# Fogger pump



## halstaff (Nov 18, 2009)

Has anyone found a US source for the small fogger micro pump #30DSB-ZJF?
Mine quit working and I've disassembled it and cleaned it and it still won't work. Hate to toss a fog machine if I can replace the pump and have it running again.


----------



## Sickie Ickie (Jun 20, 2006)

Here the name of a person on Ebay who sells fogger pumps: reece011068

His page is http://shop.ebay.com/reece011068/m.html?_dmd=1&_ipg=50&_sop=12&_rdc=1

He is in the UK, but may have what you want or can find it. Shipping isn't that bad to the US.


----------



## halstaff (Nov 18, 2009)

Sickie Ickie said:


> Here the name of a person on Ebay who sells fogger pumps: reece011068
> 
> His page is http://shop.ebay.com/reece011068/m.html?_dmd=1&_ipg=50&_sop=12&_rdc=1
> 
> He is in the UK, but may have what you want or can find it. Shipping isn't that bad to the US.

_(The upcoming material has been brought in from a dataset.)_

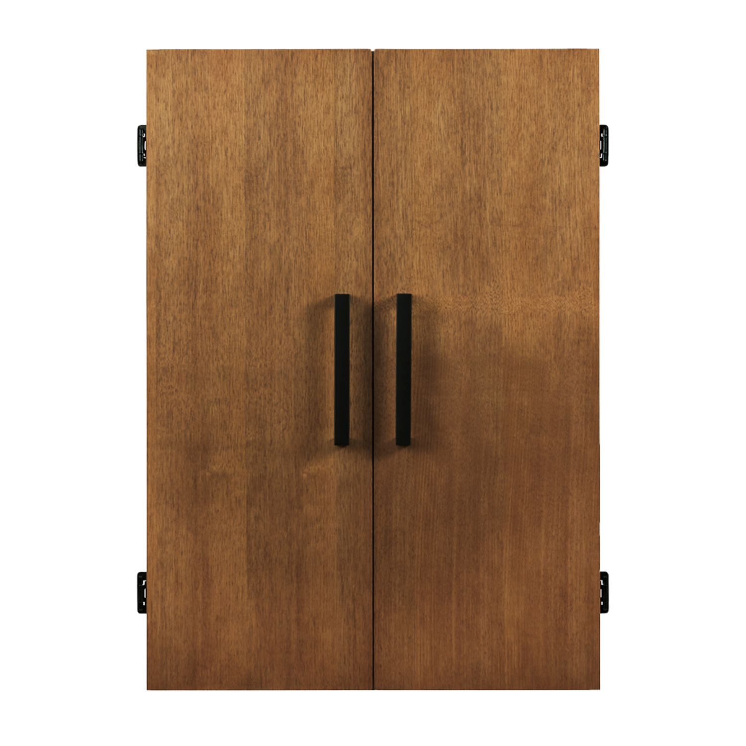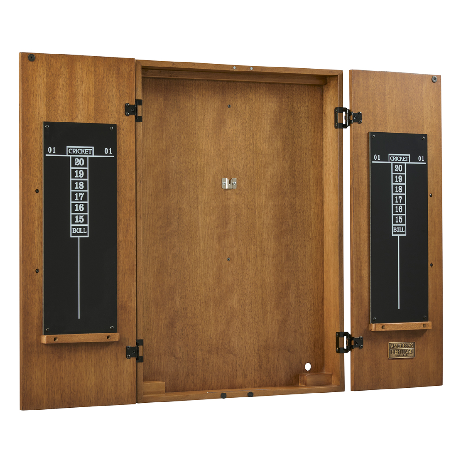 The Alta Dartboard includes a handcrafted cabinet made of walnut with a Brushed Walnut finish. The cabinet is designed to fit two extra sets of darts and large enough to suit both bristle and electronic dartboards depending on your choice (purchase separately). Inside the cabinet are two scoring chalkboards and a bronze American Heritage Billiards nameplate

Those are the 220V models but he said he should have the 120V, 60 HZ model in around 3 weeks for the same price.


----------



## Sickie Ickie (Jun 20, 2006)

I'm glad you may have a solution.


----------



## halstaff (Nov 18, 2009)

Sickie Ickie said:


> I'm glad you may have a solution.


Thanks for the link.


----------



## Sickie Ickie (Jun 20, 2006)

yer welcome. I hope he comes through for ya.


----------